Dampak terhadap indigenous people (masyarakat adat) Mentawai ditampilkan dalam pemberitaan, seperti akses listrik warga terbatas hanya siang hari. Diberitakan pula ancaman terhadap endemisme penghuni Siberut seperti menipisnya tempat tinggal primata Mentawai, bilou, simakobu, dan joja.
Kisah dari Tanah Papua
Sementara jurnalis Mongabay Indonesia membagikan kisahnya selama melakukan liputan jurnalisme lingkungan di wilayah Papua dan Papua Barat. Papua menjadi wilayah yang tertutup bagi jurnalis dari luar daerah.
“Isu politik di Papua lebih gencar, bahasan mengenai lingkungan bersinggungan dengan banyak isu lainnya. Media akhirnya menjadi tumpuan untuk menginformasikan pada masyarakat,” ujarnya.
Kondisi lainnya, masyarakat lokal memiliki keterbatasan dalam menuliskan isu lingkungan yang terjadi pada mereka jika hendak mencipta jurnalisme warga.
Christopel Paino mendekati warga Papua dalam kurun waktu bertahap, tak hanya sehari. Ia mengikuti kegiatan sehari-hari warga lokal. Bergabung dalam obrolan warga. Melalui obrolan ringan inilah ia melakukan verifikasi data dari sudut pandang warga lokal.
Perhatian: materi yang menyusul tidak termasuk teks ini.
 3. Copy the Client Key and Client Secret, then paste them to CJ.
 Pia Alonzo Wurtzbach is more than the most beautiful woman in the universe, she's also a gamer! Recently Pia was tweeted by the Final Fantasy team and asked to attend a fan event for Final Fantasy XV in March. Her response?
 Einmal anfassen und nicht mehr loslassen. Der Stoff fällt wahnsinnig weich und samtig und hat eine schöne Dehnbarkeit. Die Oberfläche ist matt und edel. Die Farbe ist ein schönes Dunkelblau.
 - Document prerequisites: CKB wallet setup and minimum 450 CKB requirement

Isu lingkungan menurutnya berhubungan erat dengan kearifan lokal. Di tanah Papua, alam disimbolkan sebagai sosok perempuan, dianggap sebagai ibu, mama. “Di Papua banyak masyarakat adat yang memiliki totem, benda atau binatang yang dipuja, dianggap suci. Satu marga di Merauke memiliki totem kasuari,” ujar Christopel Paino.
Dengan kearifan lokal totem inilah, pada akhirnya habitat kasuari terselamatkan. Sebab secara adat hewan ini tak diperbolehkan ditangkap, diburu maupun dibunuh. Marga lain yang pernah disambangi Christopel Paino memiliki totem lain, cendrawasih dan penyu belimbing.
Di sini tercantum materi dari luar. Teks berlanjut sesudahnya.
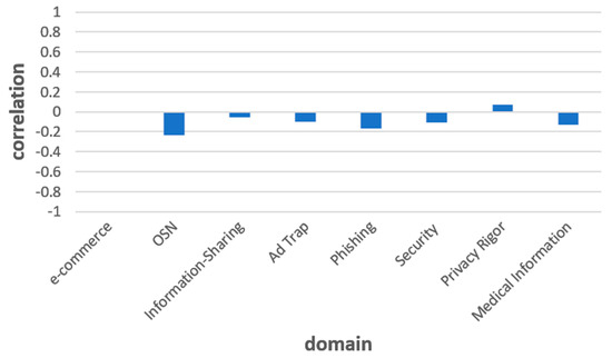 As mentioned above, the gap between privacy concerns and behavior, i.e., the privacy paradox, might be explained by limited technological literacy [24]. A true paradox exists if users, while understanding the implication, act in a direction opposite to their personal preferences. Therefore, the technological literacy factor may be accommodated in the model as a necessary condition for the existence of a paradox (rather than an explainable gap between privacy concern and privacy behavior). That said, we hypothesize that when technological literacy is low, the paradox does not really exist, because the individual cannot efficiently enact their preferences (reflecting privacy concern) by making adequate decisions and acting appropriately (reflecting privacy behavior). Consequently, the question of domain specificity has less significance. To measure the technological literacy effect, the Pearson correlation coefficient between each paradox level of a specific domain and the literacy level was calculated, as depicted in Figure 5. The X-axis describes the domain, while the Y-axis describes the correlation. As can be seen, the correlation coefficients vary from −0.23 to +0.07, which is not significant. Therefore, technological literacy cannot settle this paradox, which is proven to exist.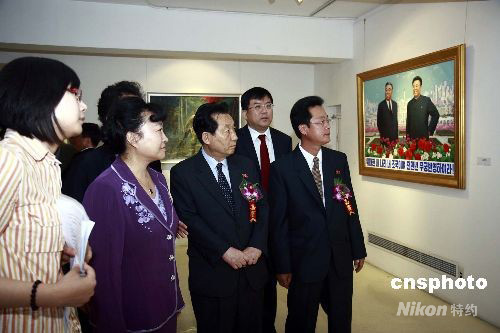 由中華人民共和國(guó)文化部、朝鮮民主主義人民共和國(guó)文化省主辦,中國(guó)對(duì)外藝術(shù)展覽中心承辦的“為紀(jì)念朝鮮民主主義人民共和國(guó)成立六十周年-朝鮮美術(shù)展”18日在北京中外博藝畫廊開幕。此次展覽展示了朝鮮著名功勛藝術(shù)家、人民藝術(shù)家、以及青年畫家創(chuàng)作的朝鮮畫、油畫、版畫、刺繡等美術(shù)作品五十九幅。圖為出席開幕式的中華人民共和國(guó)文化部文化部副部長(zhǎng)趙少華(右四)、朝鮮民主主義人民共和國(guó)駐華大使崔鎮(zhèn)洙(右三)等在觀展。中新社發(fā) 邢利宇 攝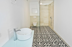 Parkett, Fußbodenheizung, Dusche

Christopel Paino menyayangkan praktik pengetahuan lokal yang mendukung kelestarian lingkungan ini kini mulai luntur. Proyek ekstraksi mineral yang datang ke tanah Papua menjadi penyebabnya. Selain itu, pengetahuan budidaya umbi-umbian warga Merauke, Wamena, Timo juga terkikis. Padahal budidaya umbi merupakan komoditas utama mereka, selain beternak babi.
“Warga Merauke, Wamena, Timo punya sekitar 80 jenis umbi. Setelah diidentifikasi ulang tersisa tinggal 30 jenis,” ujar Christopel Paino.
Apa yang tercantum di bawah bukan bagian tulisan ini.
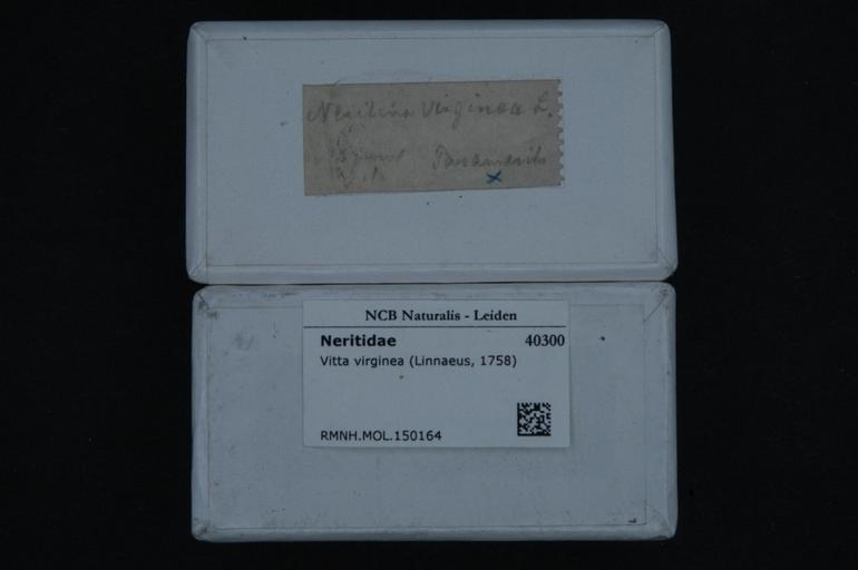 | Keywords: Naturalis Biodiversity Center - RMNH.MOL.150164 1 - Vitta virginea (Linnaeus, 1758) - Neritidae - Mollusc shell.jpeg artwork Dimensions artwork Document type Neritidae Vitta Individual count Infraspecific epithet Infraspecific rank Institution Naturalis Kind of unit artwork Kind of unit specimen shell Life stage Medium artwork Nomenclatural code Scale the width of the text on the species/QR-code label is 38 mm Occurrence ID page Other fields Other versions artwork Permission license Naturalis donation CC-0 Mollusca Publication location Scientific name Vitta virginea Linnaeus 1758 Scientific name authorship Linnaeus 1758 Source url http //bioportal naturalis nl Specific epithet virginea State or province Subject keywords artwork Subject keywords publication Title artwork Title publication Type status Uploaded with GWToolset Naturalis_Biodiversity_Center_-_RMNH MOL 150164_1_-_Vitta_virginea_ Linnaeus _1758 _-_Neritidae_-_Mollusc_shell http //medialib naturalis nl/file/id/RMNH MOL 150164_1/format/large Media donated by Naturalis Biodiversity Center Molluscs at Naturalis from the Rijksmuseum van Natuurlijke Historie Vitta virginea |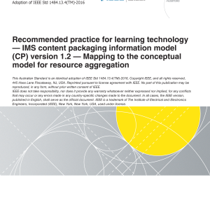 Identically adopts IEEE Std 1484.13.3(TM):2016 which specifies how the elements and attributes defined in the IMS Content Packaging Information Model (CP) Version 1.2 relate to the components of the conceptual model for resource aggregation defined in AS IEEE 1484.13.1.KEYWORDS: IMS Content Packaging Information Model; Conceptual model; Resource aggregation;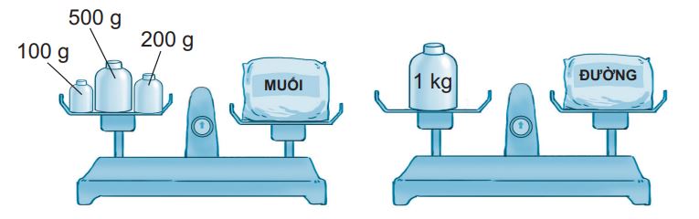 c) Túi đường và túi muối cân nặng tất cả 1 800 gam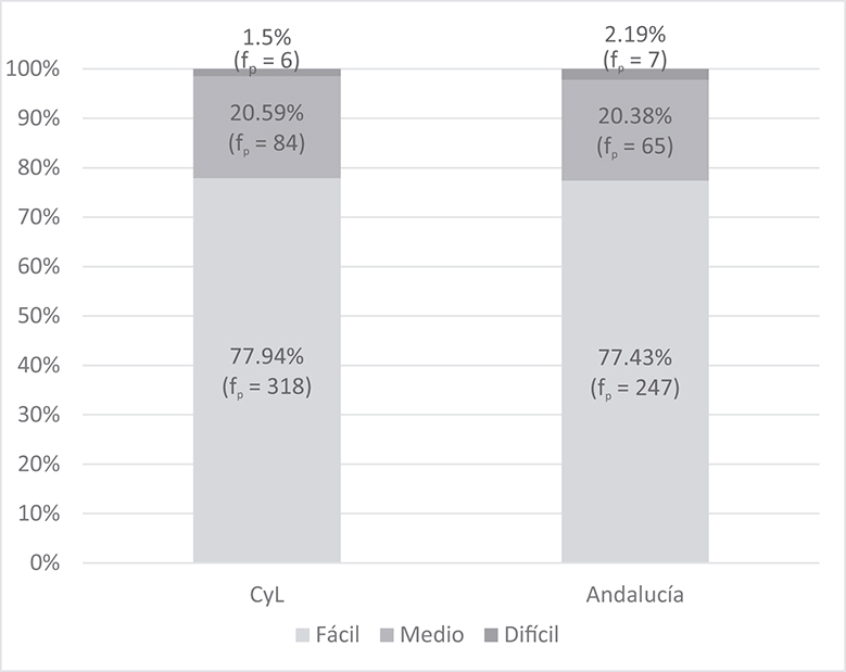 En CyL se utilizaron 46 libros de 16 editoriales, mientras que en Andalucía se utilizaron 15 libros de 8 editoriales. Los libros más frecuentes en CyL fueron diferentes a los más utilizados en Andalucía, confirmándose la hipótesis 1. No se encontró una asociación significativa entre los libros utilizados en ambas comunidades autónomas (p <.001), siendo grande el tamaño de la diferencia (.81). En CyL los más utilizados fueron 1-1 (30.97%); 1-2 (12.78%); 2-1 (13.35%); y 3-1 (14.48%). En cambio, en Andalucía los libros más frecuentes fueron: 1-2 (26.18%); 1-3 (9.6%); 2-2 (31.92%); 3-2 (11.91%); y 4-2 (8.08%). Asimismo, el porcentaje de uso en CyL de 1-1, 2-1 y 3-1 fue mayor que en Andalucía; en cambio, en Andalucía se utilizaron con más frecuencia los libros 2 y 3 de las editoriales 1 y 2, y los libros 3-2, 4-2 y 6-1 (ver Tabla I).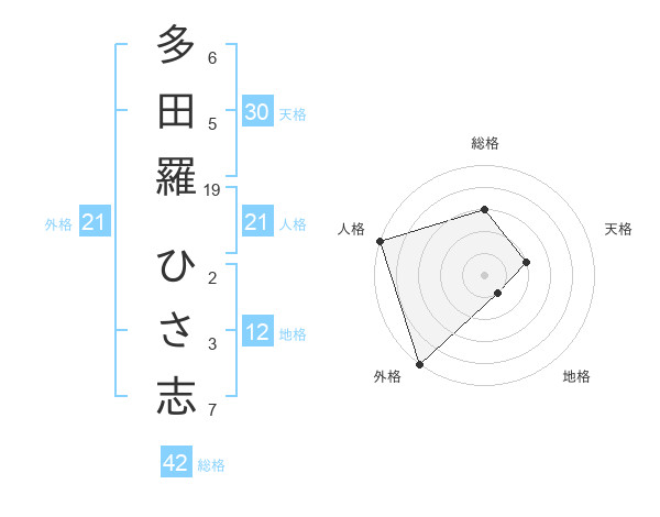 多田羅 ひさ志さんの外格は21画の5点!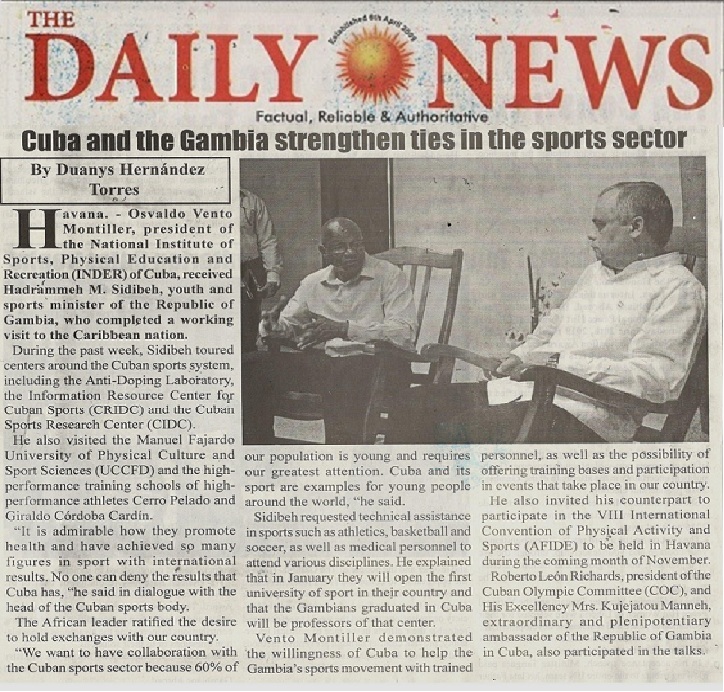 El periódico gambiano Daily News resalta hoy, 24 junio, una positiva visita realizada por el Ministro de Juventud y Deportes de Gambia, Hadrammeh M. Sidibeh, a Cuba, donde tuvo como principal anfitrión al presidente del Instituto Nacional de Deportes, Educación Física y Recreación (INDER), Osvaldo Vento Montiller, y durante la cual ambos coincidieron en estrechar los nexos en el sector deportivo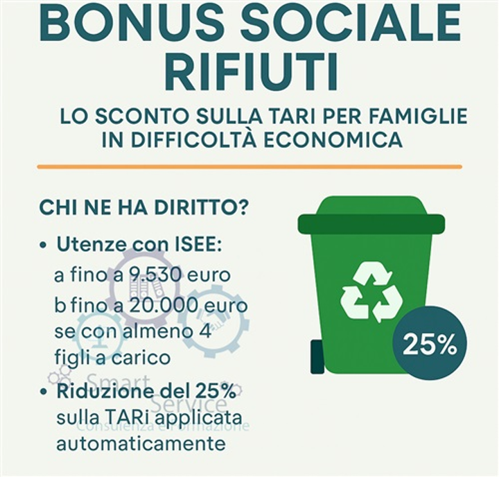Il bonus sociale rifiuti è un’agevolazione nazionale introdotta da ARERA (Autorità di Regolazione per Energia, Reti e Ambiente) per sostenere le famiglie in condizioni di disagio economico nel pagamento della tassa rifiuti (TARI) o della tariffa corrispettiva.

Kondisi yang lebih miris lagi, Christopel Paino tak menemukan makanan khas lokal ketika menumpang tinggal di perumahan warga di wilayah Papua. “Sekarang kebanyakan mereka tak makan sagu atau hewan perburuan. Kini mereka makan nasi dan mie instan,” kata Christopel Paino.
Sebuah paradoks, warga yang tinggal di daerah dengan sumber daya alam kaya, namun tak memiliki akses untuk mengonsumsinya. Sebelumnya, nenek moyang warga lokal menilai hutan sebagai bank, swalayan sekaligus rumah sakit.
Christopel Paino menilai isu pertanian seperti ini jarang diliput media. Hilangnya varietas tanaman lokal, kondisi lahan pertanian lokal hingga perihal perizinan perkebunan.
Sepeda Ramah Lingkungan
Sementara jurnalis lepas Jacko Agun memaparkan bersepeda menjadi upaya ramah terhadap lingkungan. Emisi karbon sepeda motor bisa hemat hingga 2.160 kilogram CO2 per tahun, sementara mobil penumpang 3.888 kilogram CO2 per tahun.
“Manfaat lain bersepeda menghemat 360 liter bensin per tahun bagi pengendara motor dan 1.440 liter bensin per tahun bagi pengemudi mobil,” katanya. Dengan patokan harga bensin pertalite sekitar Rp 7 ribu, katanya, dalam setahun bisa menghemat biaya BBM per tahun hingga Rp 2.754.000 untuk kendaraan motor dan Rp 11.016.000 untuk mobil.